[Exercise brief] For this exercise, write out only the lines of the entries below from the one with "We strolled and" up to and including the one with "Digio2 12.9寸平板", exactly as they are. Pictures stay out.
== Records for this task ==
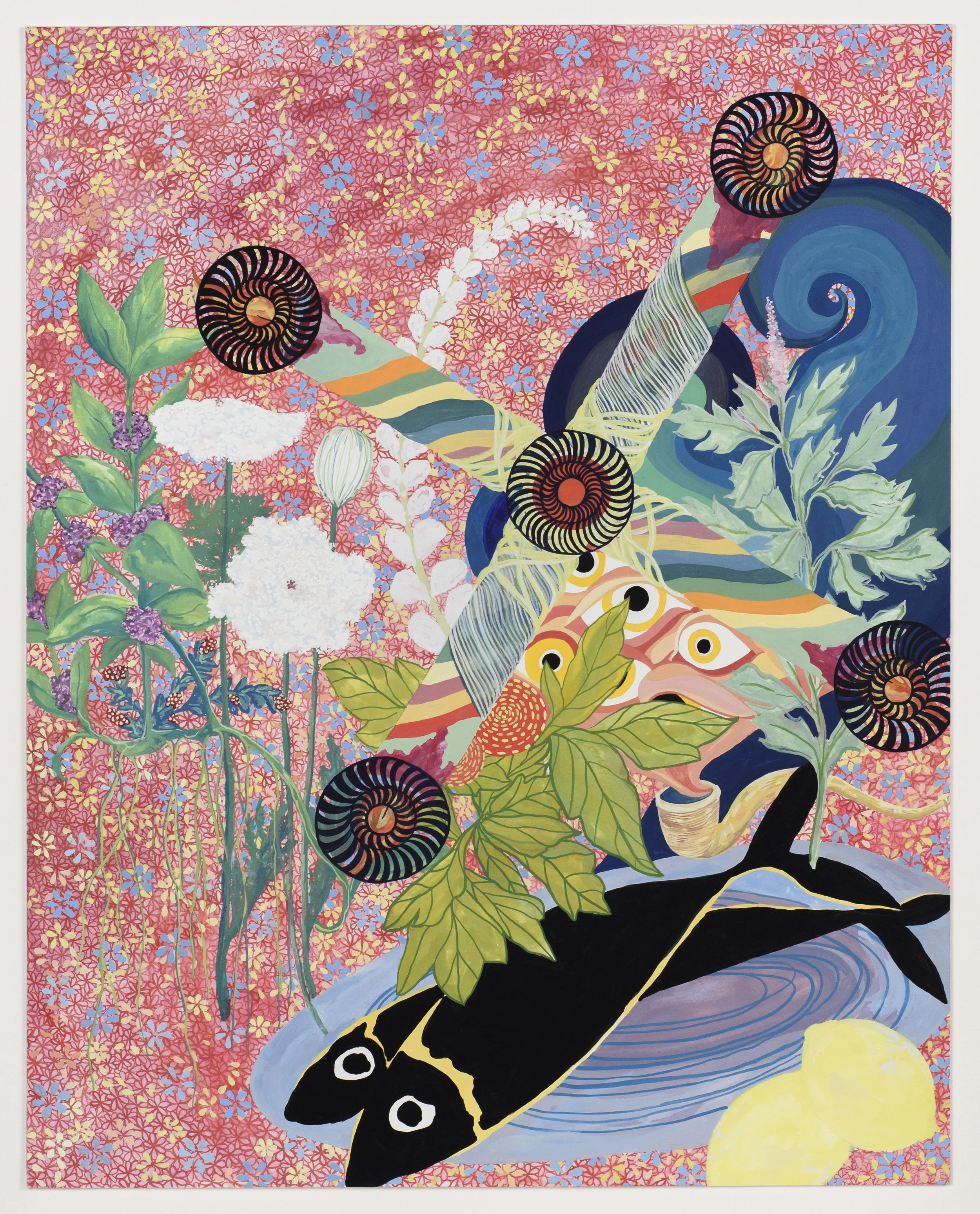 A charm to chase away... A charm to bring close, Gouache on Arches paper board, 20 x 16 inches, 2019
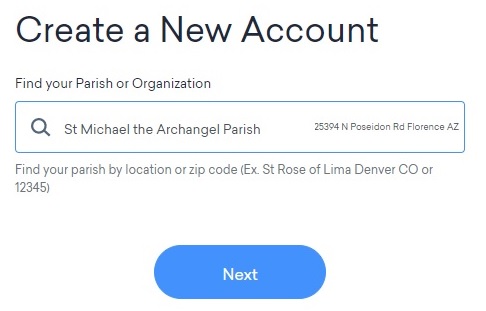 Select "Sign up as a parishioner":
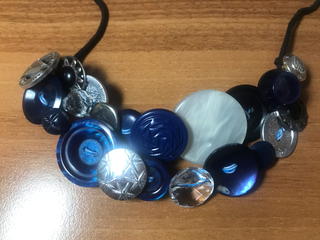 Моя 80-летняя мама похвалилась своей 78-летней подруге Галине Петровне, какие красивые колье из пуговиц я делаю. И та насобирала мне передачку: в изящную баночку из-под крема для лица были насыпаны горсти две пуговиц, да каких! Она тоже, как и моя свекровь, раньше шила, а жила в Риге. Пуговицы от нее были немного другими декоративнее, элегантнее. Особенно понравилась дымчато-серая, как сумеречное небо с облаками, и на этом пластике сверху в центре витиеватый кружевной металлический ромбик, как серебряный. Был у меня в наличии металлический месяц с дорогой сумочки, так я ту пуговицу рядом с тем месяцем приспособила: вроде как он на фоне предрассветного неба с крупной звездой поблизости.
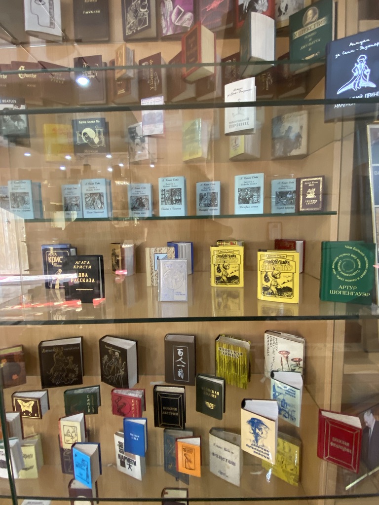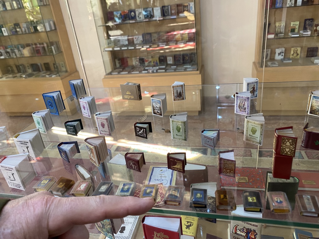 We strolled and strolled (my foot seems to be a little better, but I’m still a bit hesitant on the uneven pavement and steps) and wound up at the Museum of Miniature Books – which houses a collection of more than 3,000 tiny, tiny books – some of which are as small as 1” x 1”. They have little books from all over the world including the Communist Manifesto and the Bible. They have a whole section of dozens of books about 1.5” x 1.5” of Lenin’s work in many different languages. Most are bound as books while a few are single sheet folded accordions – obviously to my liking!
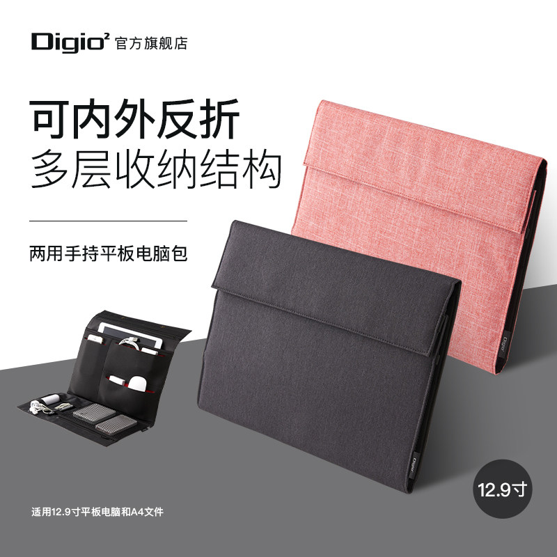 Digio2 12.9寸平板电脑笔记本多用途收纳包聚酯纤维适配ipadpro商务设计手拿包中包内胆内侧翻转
===
== Records for this task ==
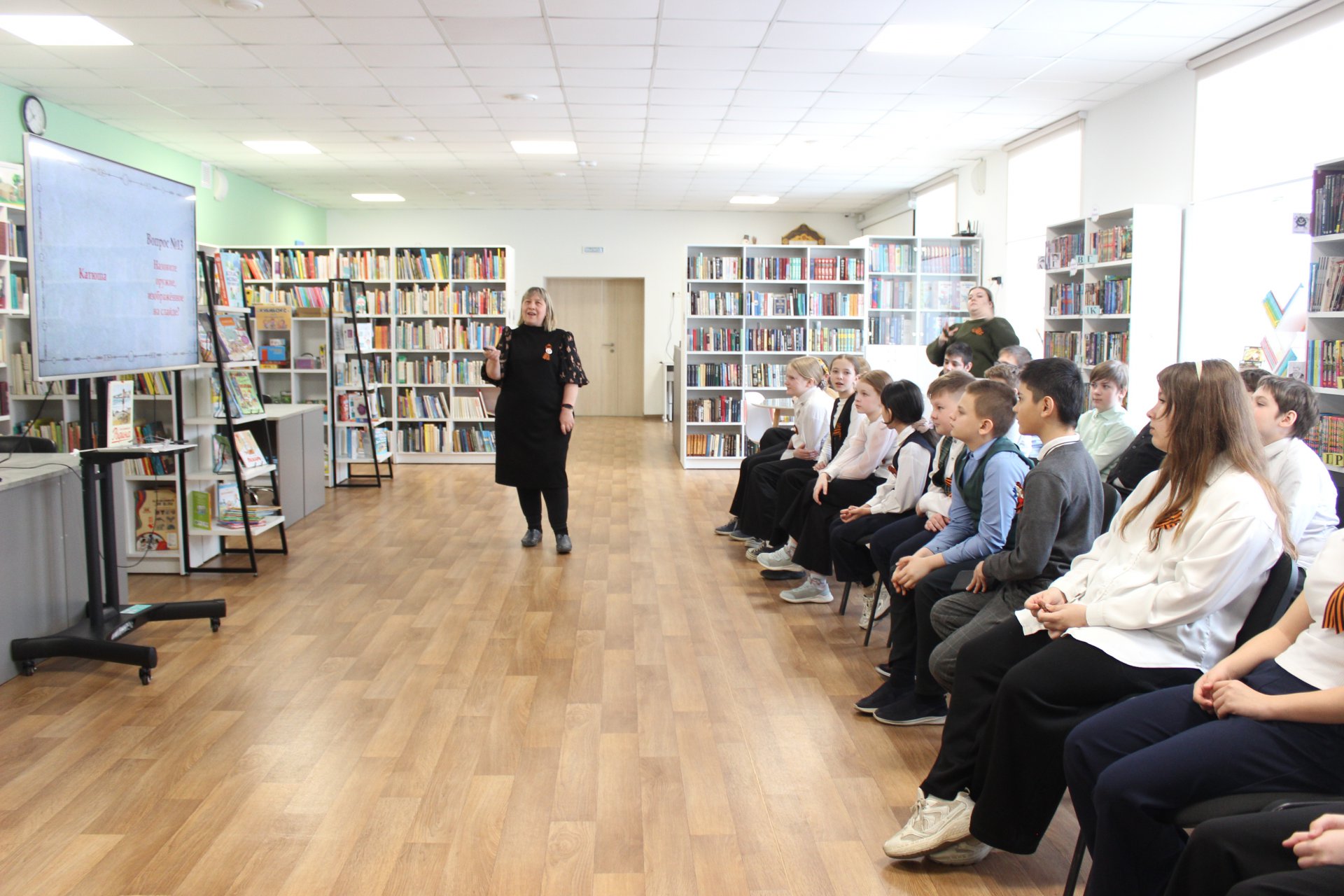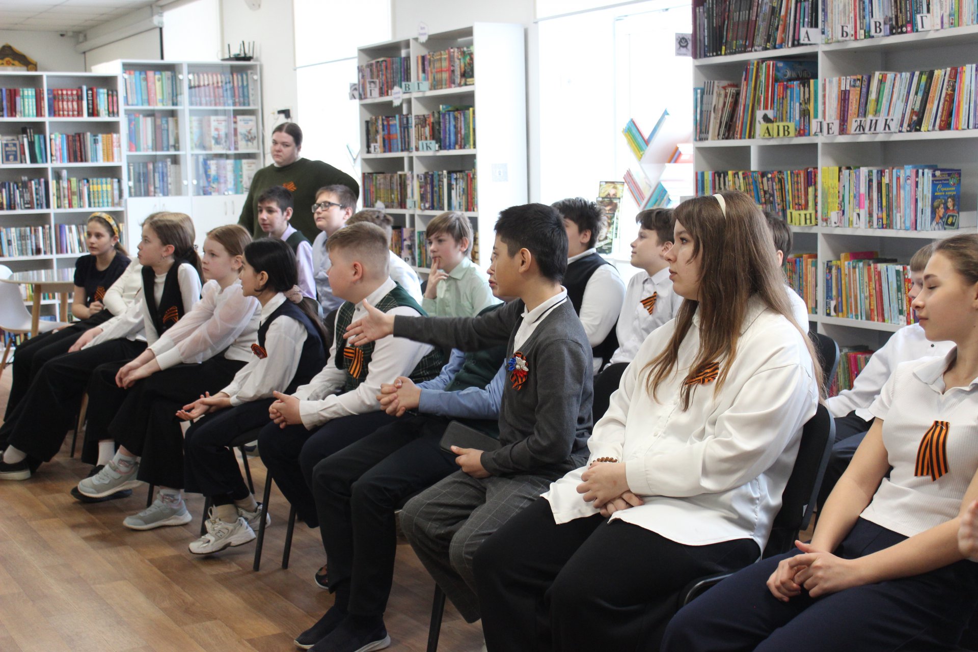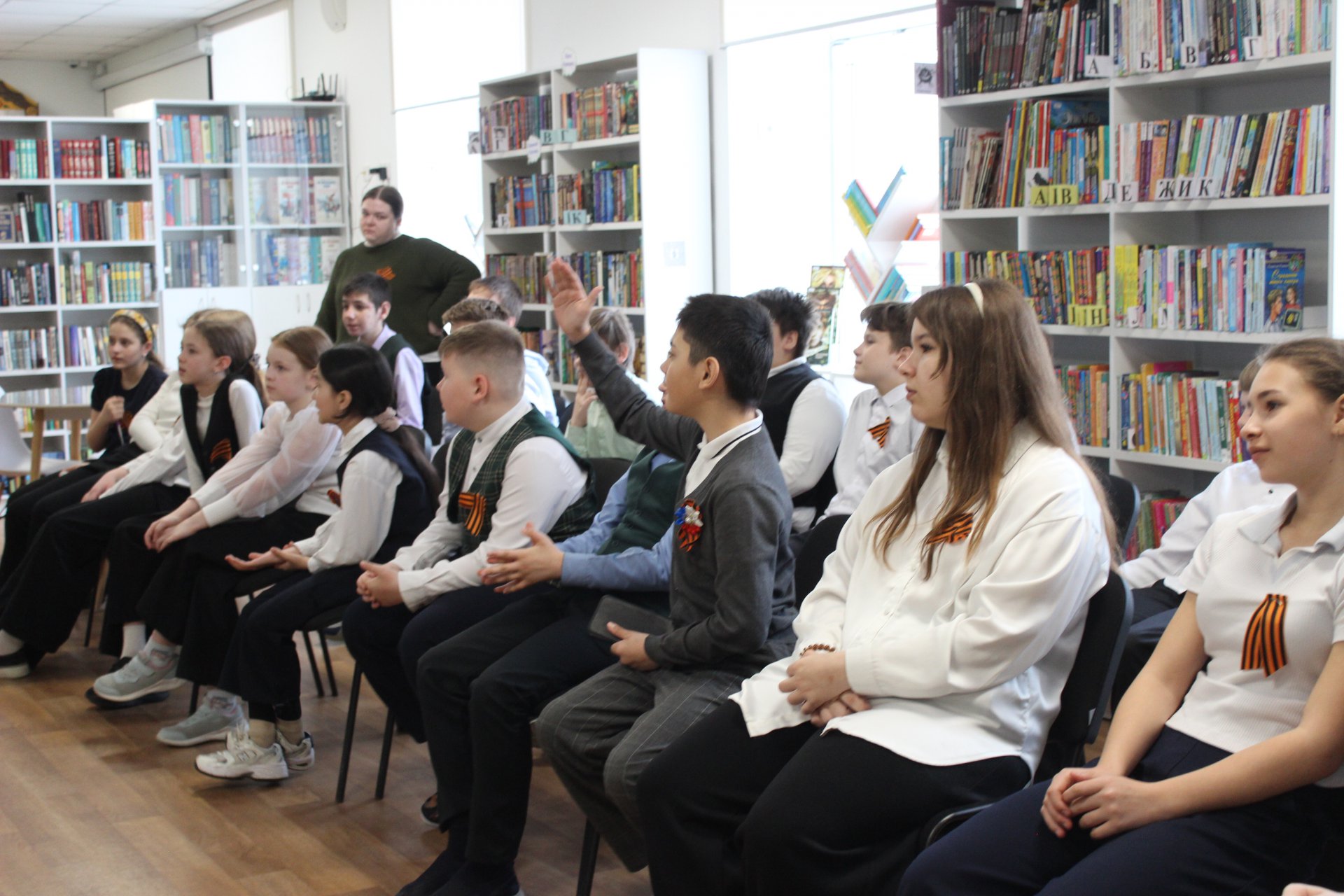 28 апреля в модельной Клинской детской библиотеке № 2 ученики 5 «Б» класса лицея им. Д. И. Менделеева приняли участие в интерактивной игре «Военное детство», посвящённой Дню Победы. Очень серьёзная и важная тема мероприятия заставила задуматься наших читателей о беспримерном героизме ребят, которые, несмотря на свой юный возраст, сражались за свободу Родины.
===
== Records for this task ==
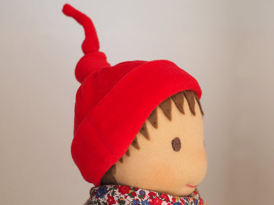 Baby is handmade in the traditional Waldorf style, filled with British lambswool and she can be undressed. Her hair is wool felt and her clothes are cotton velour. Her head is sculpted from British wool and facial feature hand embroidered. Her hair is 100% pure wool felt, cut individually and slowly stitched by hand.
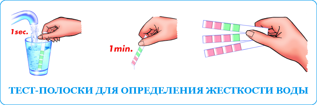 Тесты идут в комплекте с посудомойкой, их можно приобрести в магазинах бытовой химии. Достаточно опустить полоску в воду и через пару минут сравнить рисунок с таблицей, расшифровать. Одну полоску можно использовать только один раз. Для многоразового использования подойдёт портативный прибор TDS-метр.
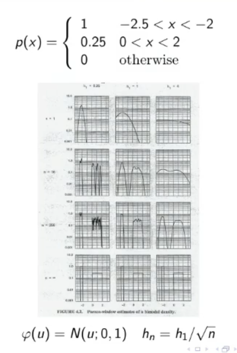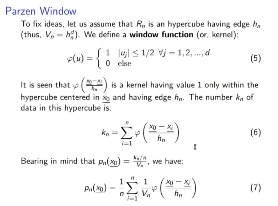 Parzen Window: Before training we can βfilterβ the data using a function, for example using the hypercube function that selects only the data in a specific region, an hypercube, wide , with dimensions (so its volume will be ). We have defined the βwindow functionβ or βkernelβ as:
===
[Written solution]
 We strolled and strolled (my foot seems to be a little better, but I’m still a bit hesitant on the uneven pavement and steps) and wound up at the Museum of Miniature Books – which houses a collection of more than 3,000 tiny, tiny books – some of which are as small as 1” x 1”. They have little books from all over the world including the Communist Manifesto and the Bible. They have a whole section of dozens of books about 1.5” x 1.5” of Lenin’s work in many different languages. Most are bound as books while a few are single sheet folded accordions – obviously to my liking!
 Digio2 12.9寸平板电脑笔记本多用途收纳包聚酯纤维适配ipadpro商务设计手拿包中包内胆内侧翻转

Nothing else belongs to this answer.